Material for this task: Begin
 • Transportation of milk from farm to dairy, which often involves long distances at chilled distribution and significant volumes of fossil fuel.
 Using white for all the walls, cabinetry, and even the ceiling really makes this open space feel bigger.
Material for this task: End
Material for this task: Begin
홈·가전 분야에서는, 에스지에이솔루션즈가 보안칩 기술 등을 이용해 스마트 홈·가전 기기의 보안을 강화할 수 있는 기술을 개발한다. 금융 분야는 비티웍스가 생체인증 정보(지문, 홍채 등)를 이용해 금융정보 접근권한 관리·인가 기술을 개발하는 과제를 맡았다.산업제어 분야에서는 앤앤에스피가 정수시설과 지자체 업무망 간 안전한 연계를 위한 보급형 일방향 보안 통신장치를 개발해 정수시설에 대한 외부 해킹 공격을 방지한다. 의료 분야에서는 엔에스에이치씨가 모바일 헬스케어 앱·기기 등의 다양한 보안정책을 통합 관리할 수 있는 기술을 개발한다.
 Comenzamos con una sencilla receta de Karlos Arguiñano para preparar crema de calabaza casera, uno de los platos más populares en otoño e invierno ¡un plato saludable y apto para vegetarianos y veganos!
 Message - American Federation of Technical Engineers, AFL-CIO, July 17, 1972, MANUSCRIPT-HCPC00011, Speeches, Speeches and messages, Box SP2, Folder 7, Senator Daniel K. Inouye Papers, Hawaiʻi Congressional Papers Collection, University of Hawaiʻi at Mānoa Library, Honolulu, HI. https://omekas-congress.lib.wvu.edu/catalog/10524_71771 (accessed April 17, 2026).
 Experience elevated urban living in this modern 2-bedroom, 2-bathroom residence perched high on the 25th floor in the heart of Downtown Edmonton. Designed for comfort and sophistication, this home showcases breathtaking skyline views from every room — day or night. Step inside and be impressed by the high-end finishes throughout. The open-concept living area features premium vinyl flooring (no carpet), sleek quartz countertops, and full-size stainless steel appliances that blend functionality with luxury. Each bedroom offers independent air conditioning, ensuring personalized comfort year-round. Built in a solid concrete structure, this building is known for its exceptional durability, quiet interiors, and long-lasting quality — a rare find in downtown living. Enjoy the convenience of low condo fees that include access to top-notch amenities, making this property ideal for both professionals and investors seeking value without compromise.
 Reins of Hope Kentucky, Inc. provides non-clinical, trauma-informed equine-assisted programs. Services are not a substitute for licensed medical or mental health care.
Material for this task: End
Material for this task: Begin
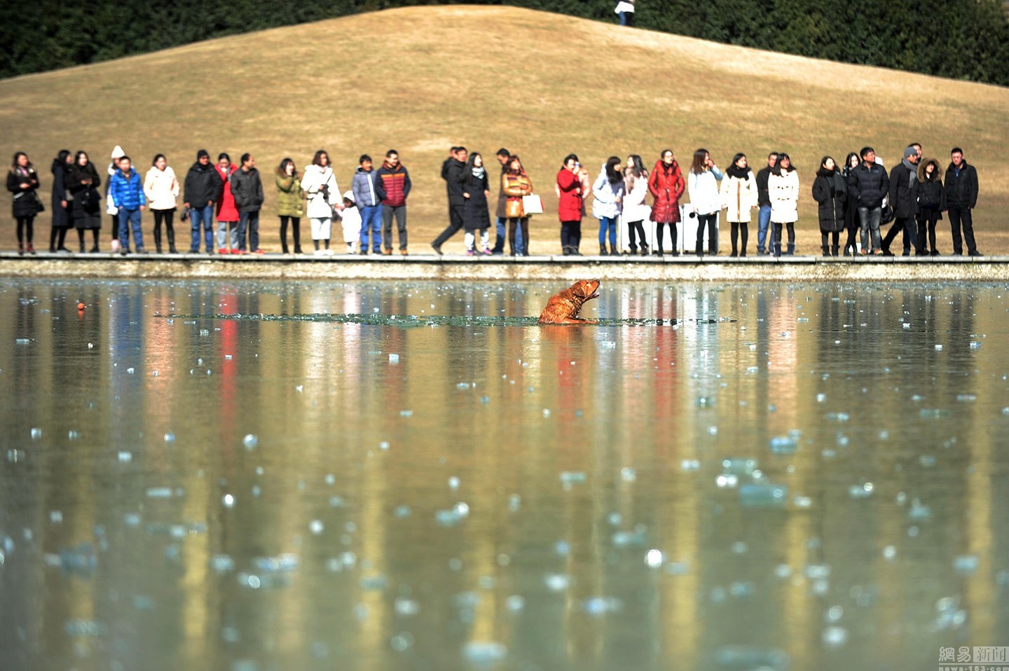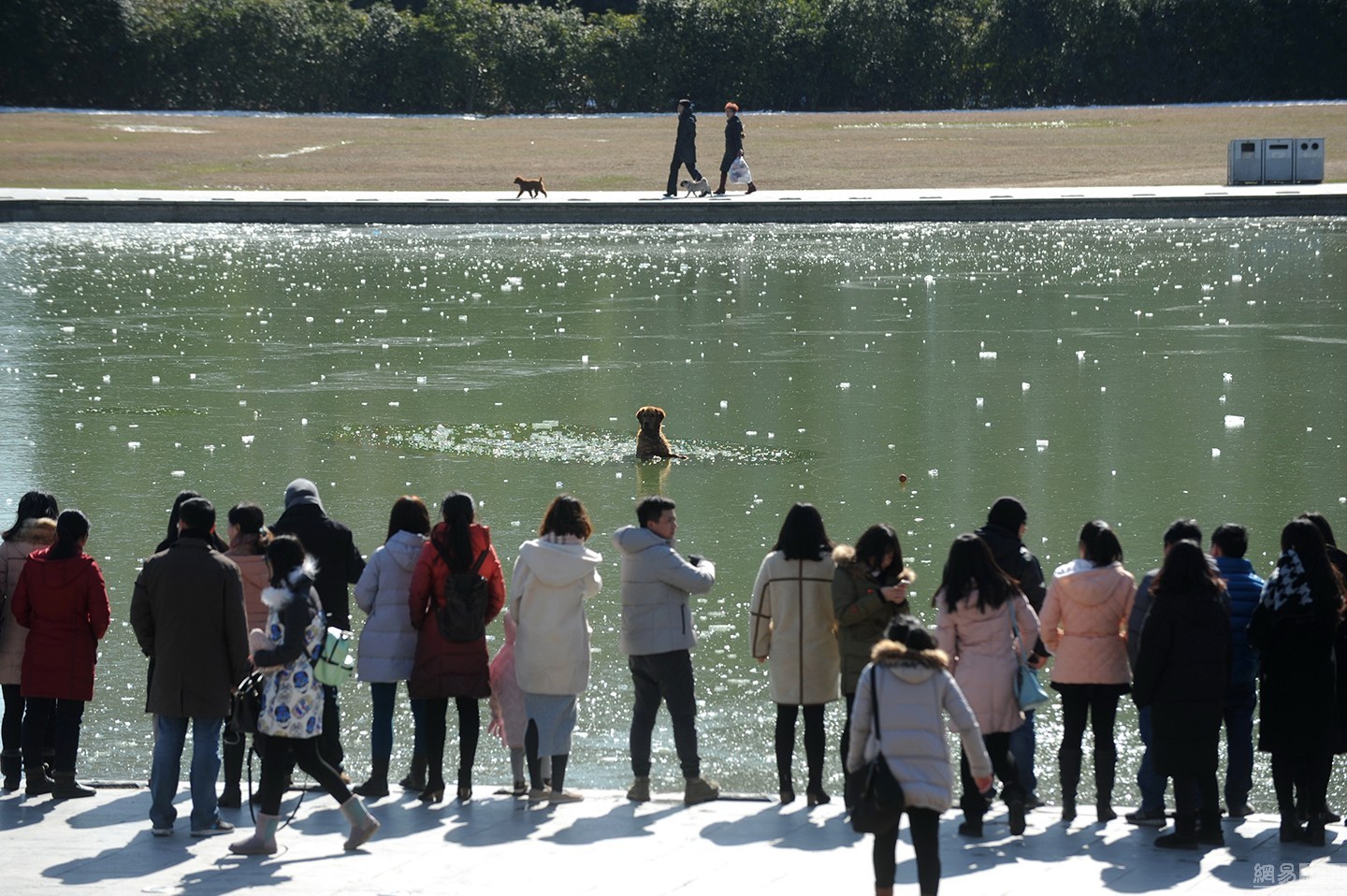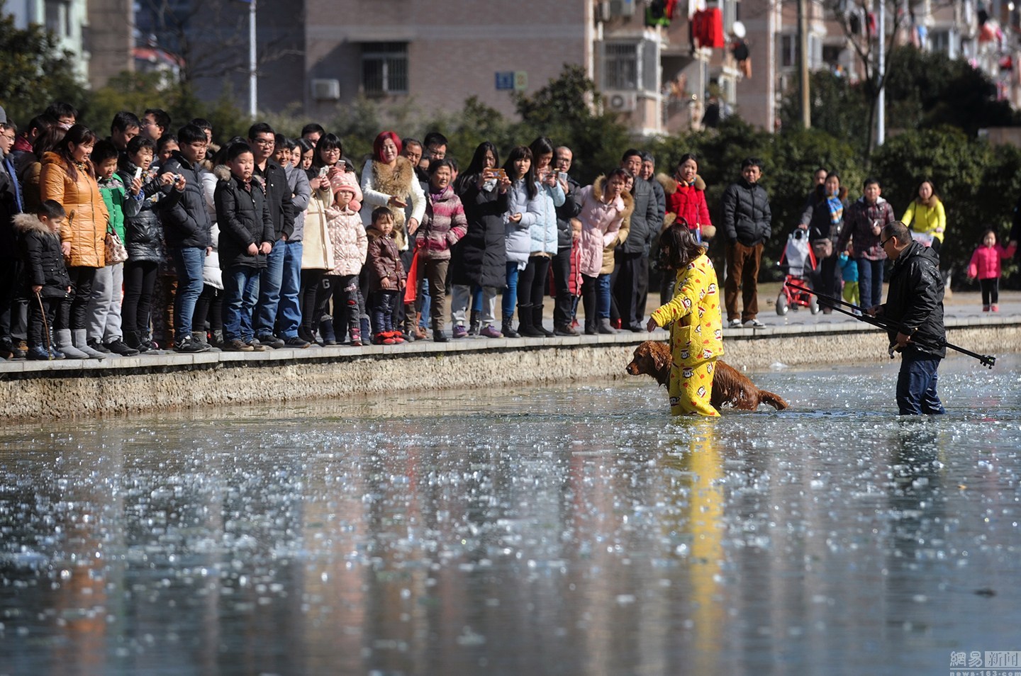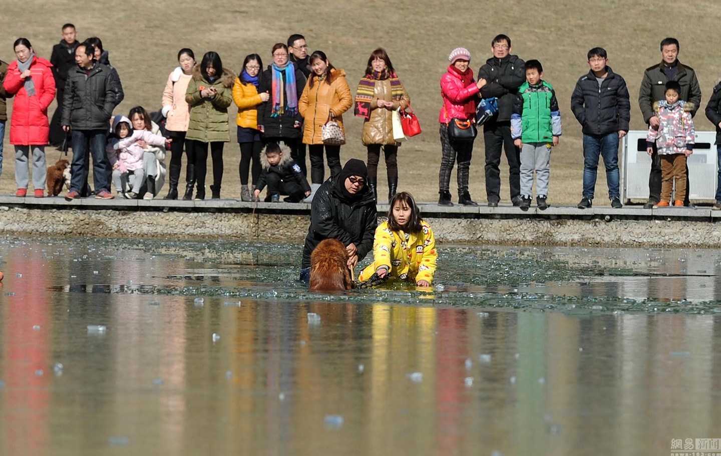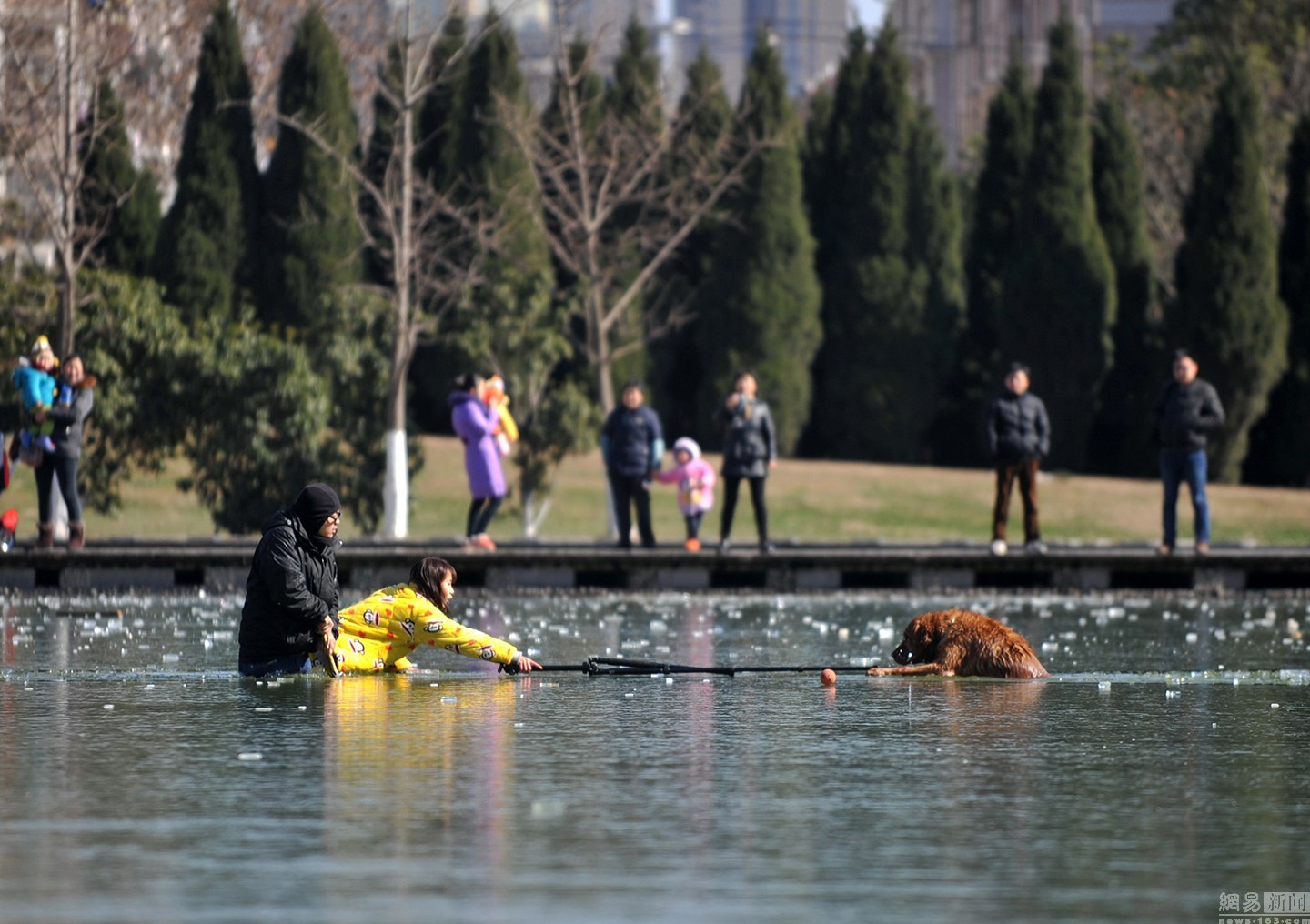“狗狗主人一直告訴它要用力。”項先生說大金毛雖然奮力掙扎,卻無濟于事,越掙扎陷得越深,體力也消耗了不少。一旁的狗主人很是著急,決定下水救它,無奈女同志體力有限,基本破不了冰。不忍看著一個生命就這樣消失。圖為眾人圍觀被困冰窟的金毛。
Material for this task: End
**What is being asked:**
Find the word "open" in the data and show each line that holds it.

**Your response:**
 Using white for all the walls, cabinetry, and even the ceiling really makes this open space feel bigger.
 Experience elevated urban living in this modern 2-bedroom, 2-bathroom residence perched high on the 25th floor in the heart of Downtown Edmonton. Designed for comfort and sophistication, this home showcases breathtaking skyline views from every room — day or night. Step inside and be impressed by the high-end finishes throughout. The open-concept living area features premium vinyl flooring (no carpet), sleek quartz countertops, and full-size stainless steel appliances that blend functionality with luxury. Each bedroom offers independent air conditioning, ensuring personalized comfort year-round. Built in a solid concrete structure, this building is known for its exceptional durability, quiet interiors, and long-lasting quality — a rare find in downtown living. Enjoy the convenience of low condo fees that include access to top-notch amenities, making this property ideal for both professionals and investors seeking value without compromise.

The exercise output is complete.